Sure, both men were trying to score political points with their speeches. Why the shock?
But generally speaking the criticisms of both men over a speech telling kids to study, work hard, etc., etc., were just dumb.
If you didn't like Bush, hopefully your dislike was due to his policies and not because his gang wore different colors than yours. And if you don't like Obama, I can only hope you're using the same standard of policy and not team colors. Somehow though the fringe element of his critics is increasingly suggesting that while they don't like his policies, if there isn't a "fresh" policy to legitimately challenge they'll gladly take a swipe at a more superficial characterisitic.
So, neck-vein-poppers, take a deep breath, count backward from 10, breath slowly into a paper bag if you have to. And when you've calmed down, step gingerly off your soap box and acknowledge in a grown-up way that sometimes a pep talk is just that, no matter the six-degrees-of-separation sinister connections you think you can make between that talk and a broader agenda.

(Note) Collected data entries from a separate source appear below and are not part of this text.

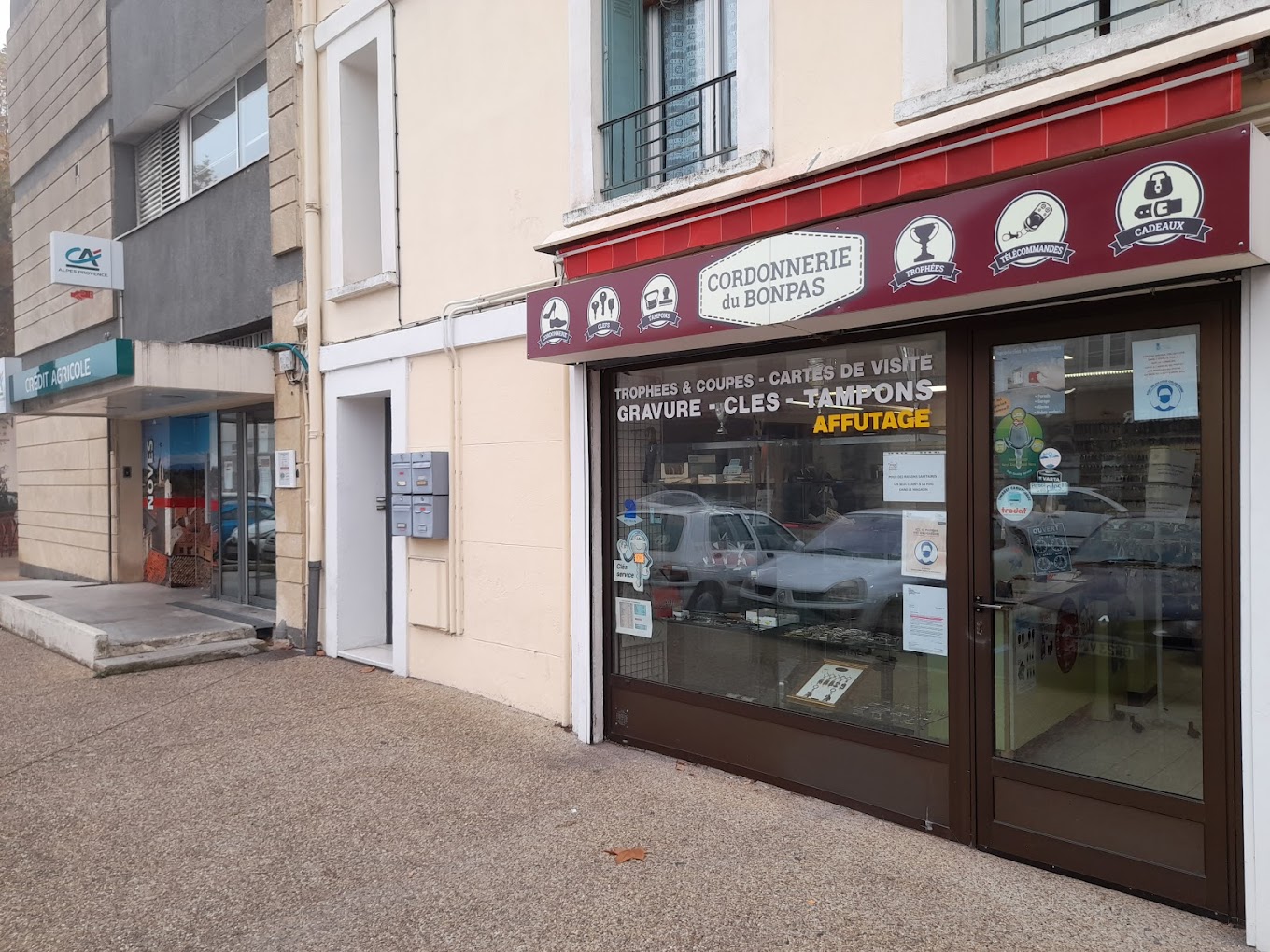 Réparation de chaussures et d’articles en cuir, clés classiques ou brevetées et double clé de voiture, télécommande portail, gravure, vente maroquinerie et couteaux.
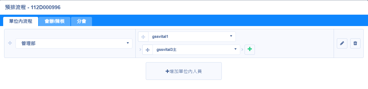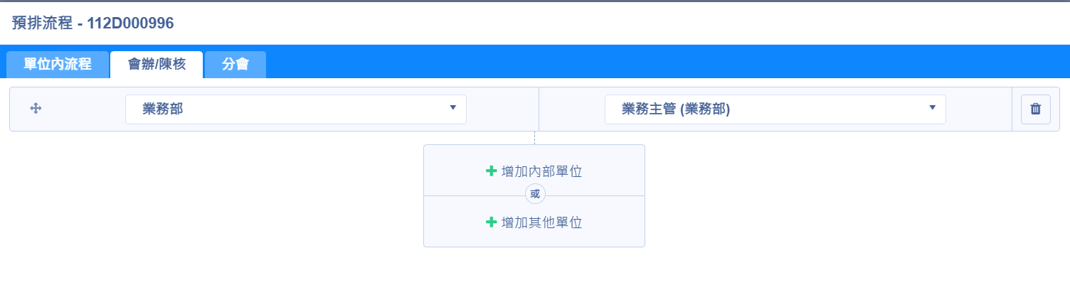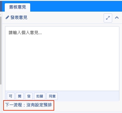 因為會辦其他單位,必須在「單位內流程」設定單位主管,否則將會顯示「沒有設定預排流程」,請前往設定流程,設定單位內主管即可將公文送出。
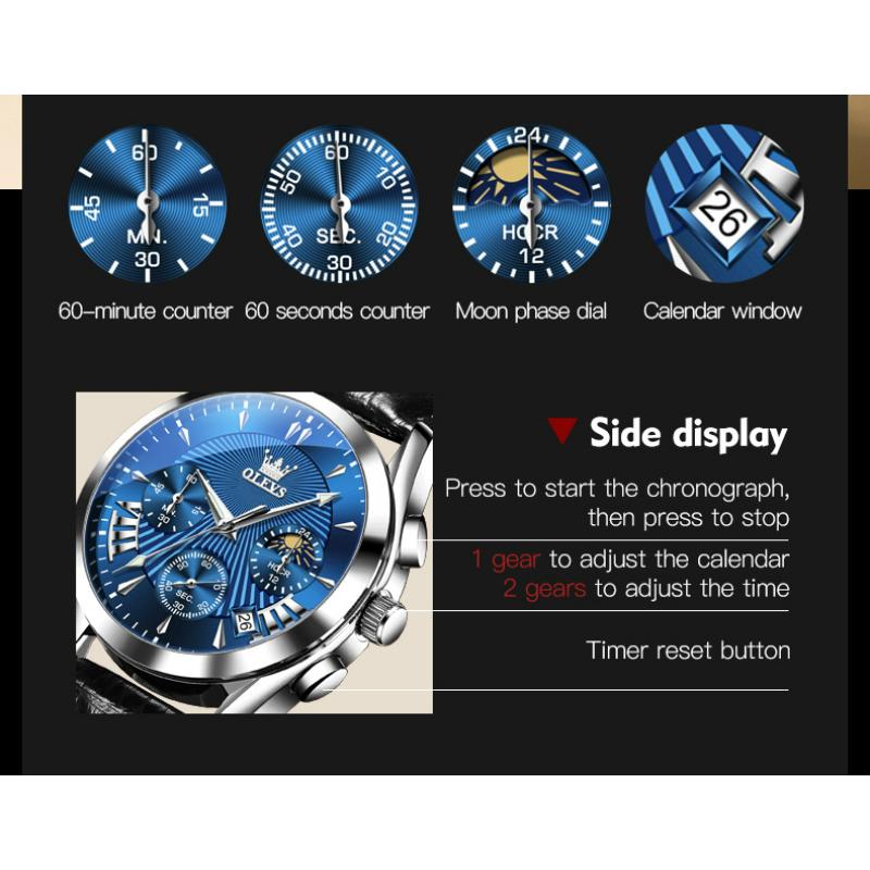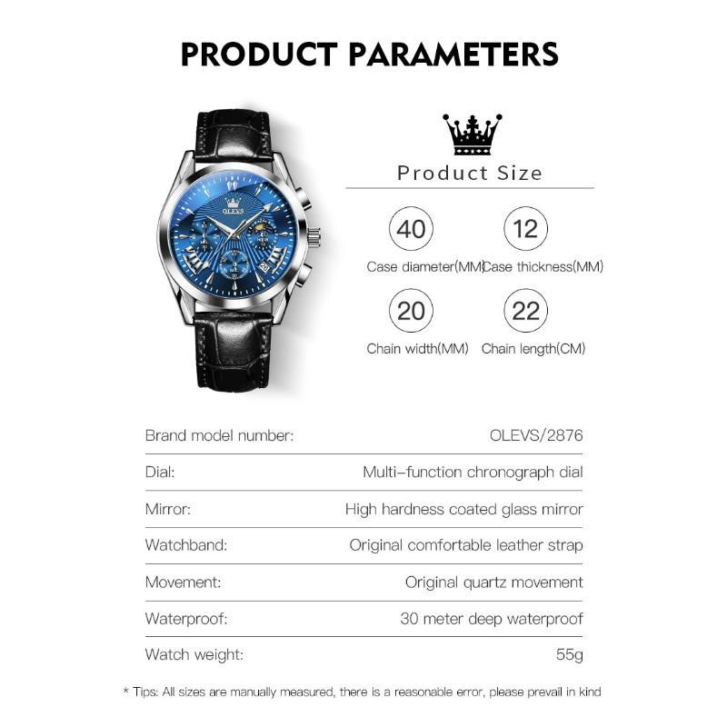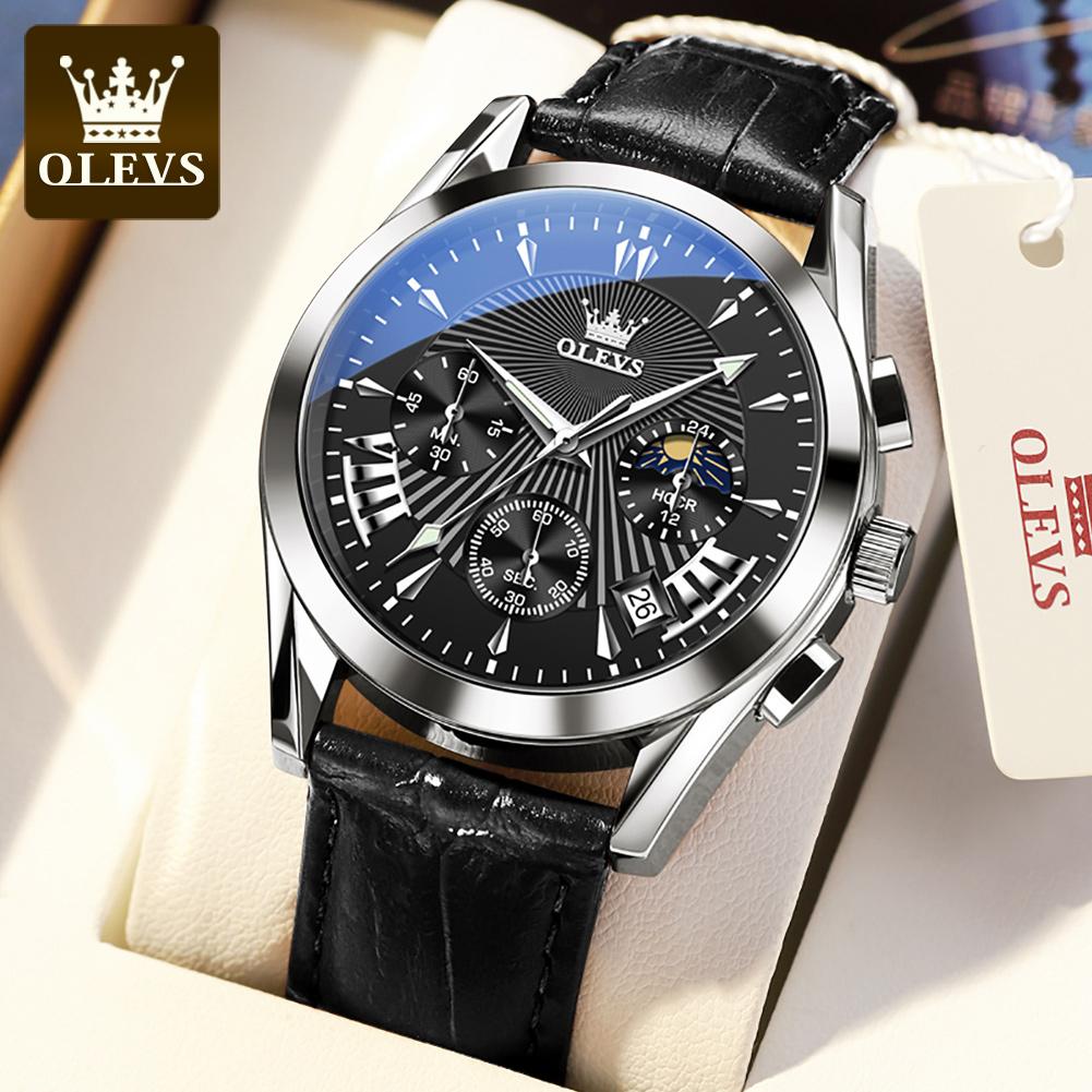 OLEVS 2876 Многофункциональные роскошные часы с кожаным ремешком для мужчин, кварцевые спортивные водонепроницаемые светящиеся мужские наручные часы

Relax. By week's end if your distaste for Pres. Obama is "pure," there'll be a legitimate issue, a policy issue for you to challenge and debate. And if your distaste is rooted in something more superficial...like team colors, well, hang on till tomorrow evening. And no doubt a TV or radio chat show host will give you plenty of toothless fodder.
Now, I'm going to get back to my Gurkha Beauty and await the inevitable and inaccurate onslaught of anonymous email comments from people who will have missed the point of this post, and will accuse me of one or more of the following: pushing Obama's hidden "black nationalist" agenda, pushing Obama's hidden "socialist" agenda, hiding Obama's original birth certificate in the safe under my floorboards, hating white people, pretentiously eating chicken nuggets with a fork instead of my bare hands, and wanting to open the U.S. borders to aliens - not from Mexico, but from Outer Space.